Now this is the integral over the complete volume. So integral over the complete volume
will be the same as summation over the integral of each of the elements. So this would be,
this expression will give us, if I do a summation over each of the elements of the integral
for each element that will be the integral over the element sigma transpose epsilon of
phi dv minus summation over all the elements into the integral over the element of phi
transpose fdv minus summation over all the elements integral over the element surface
area phi transpose Tds minus summation of phi transpose p will be equal to 0. Now this
term, this term is what we have just shown to be q transpose ke times psi.
So this will, this will give me summation of q transpose ke time psi minus summation
of this term is what we just derived as psi transpose times Fe. We will say minus summation
of psi transpose Fe, this term is what we have just mentioned over here minus summation
of psi transpose times Te minus summation of phi transpose times P is equal to 0. And
again ke that is the stiffness matrix is the symmetric matrix. So just for the sake of
convenience, what we will do is this term q transpose ke psi, I will write that as what
I am saying is q transpose ke times psi.
This is the same as psi transpose ke q because ke is symmetric and I can take a transpose
without changing nothing. The product of these three is just a single number so I take the
transpose, I will get this and so this is the same as this. So I will use this expression
from now onwards and what we will get, this thing will now become summation of psi transpose
ke times q minus summation of psi transpose Fe minus summation of psi transpose Te minus
summation of sorry phi transpose times P.
Now if I look at these three terms, in each of the three terms I have a force matrix.
This is the force matrix multiplied by in the mutual displacement, this is also a force
matrix multiplied by the virtual displacement and here I have got point forces multiplied
by the virtual displacement at that point. And just as we did earlier, I can combine
these three terms into one single force matrix. So this would be, this is equal to 0. I can
rewrite this as summation of psi transpose ke times q minus summation of psi transpose
F where this F is the element body force matrix and I will say this will be equal to 0. And
if I follow the same method as I did earlier for converting this element matrices into
the global matrices, I can say that this is the same as the writing. I will convert this
psi into a global matrix phi, this ke into a global matrix k and this q into a global
matrix q.
And this again will be minus, this psi I am changing to global matrix phi and this F is
changed I am changing that into a global force matrix and I will say this is equal to 0 where
this global force matrix phi will be equal to phi1 phi2 till phin if I have n elements.

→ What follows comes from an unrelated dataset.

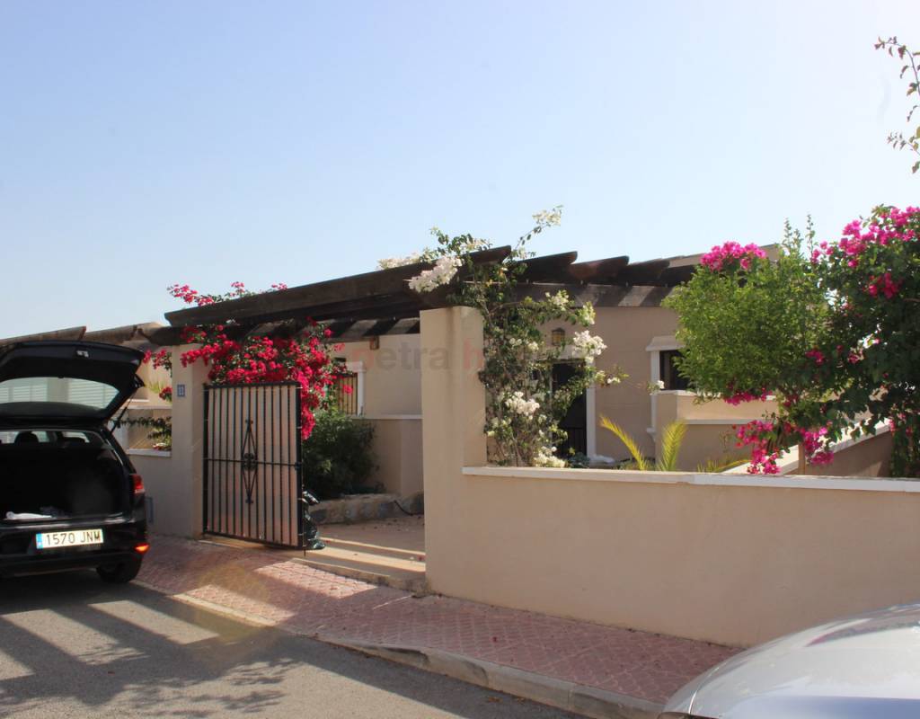 This nice south facing townhouse is situated in Ciudad Quesada and has a living area of 101 sqm. The house consists of three bedrooms, two bathrooms, a toilet, large living room with lounge area, spacious and fully furnished kitchen, an utility room and a storage room.The house has air conditioning and fitted wardrobes. OUTDOOR AREA The townhouse is located in a complex with 16 houses. Here you will find a large swimming pool which can only be used by the residents. The townhouse has a 142 sqm plot, with an area for parking, nice seating areas and a lovely balcony on the first floor with fantastic views over the surrounding area. AREA The property is located in Ciudad Quesada, a charming place on the Costa Blanca. Here you will find an 18-hole golf course, tennis courts, spa, water park, bowling, mini golf, shops, bars, restaurants and much more. The beautiful beaches of Guardamar and La Mata is just a 10 minute drive from Quesada. Torrevieja, a cozy city with a vibrant city life, is only a 10 minute drive away. The airports in Alicante and San Javier / Murcia are about 40 minutes away.

The definition of K, Q and F will be the same as what we had earlier. Global matrix K will
be assembled from the individual stiffness matrices just like we did earlier. The global
force matrix will be assembled from the individual force matrices and the point loads just as
we did that earlier. So we will get this equation for the Galerkin's approach. And this I can
write that as phi into K Q minus F will be equal to 0 where phi is the global, is the
global matrix of virtual displacements, Q is the global matrix, Q will be equal to q1
q2 till qn transpose as a global matrix for deformations, F is the global force matrix,
K is the global stiffness matrix. So we will get phi into K Q minus F will be equal to
0. And this is the equation that we will be using for the Galerkin's approach.
And we have already said that as for the Galerkin's method, this equation has to be satisfied
for all values of phi that means whatever be the virtual displacement I give to this
system, this equation should be satisfied that means any virtual displacement which
is consistent with the boundary conditions. We have if you remember earlier we said that
in the Galerkin's approach the first thing we were saying was that phi has to be has
to take the same form as q that is the virtual displacement and the actual displacement should
have a similar description.
And that we have ensured by saying that q is equal to q1 q2 transpose and psi is equal
to phi1 phi2 transpose and by saying that phi is equal to N time's psi and u is equal
to n time's q. So we are taking a similar formulation for phi as well as for u and the
other constant is that this phi has to be kinematically admissible. That means this
has to satisfy the boundary conditions. We can only give it a virtual displacement which
is consistent with the boundary conditions. So if we keep, if we keep this constant in
mind then this equation has to be satisfied for all values of phi. So this equation, we
can use for solving for Q and if it has to be satisfied for all values of phi, we can
essentially say kQ is equal to F and then attach the boundary conditions to that.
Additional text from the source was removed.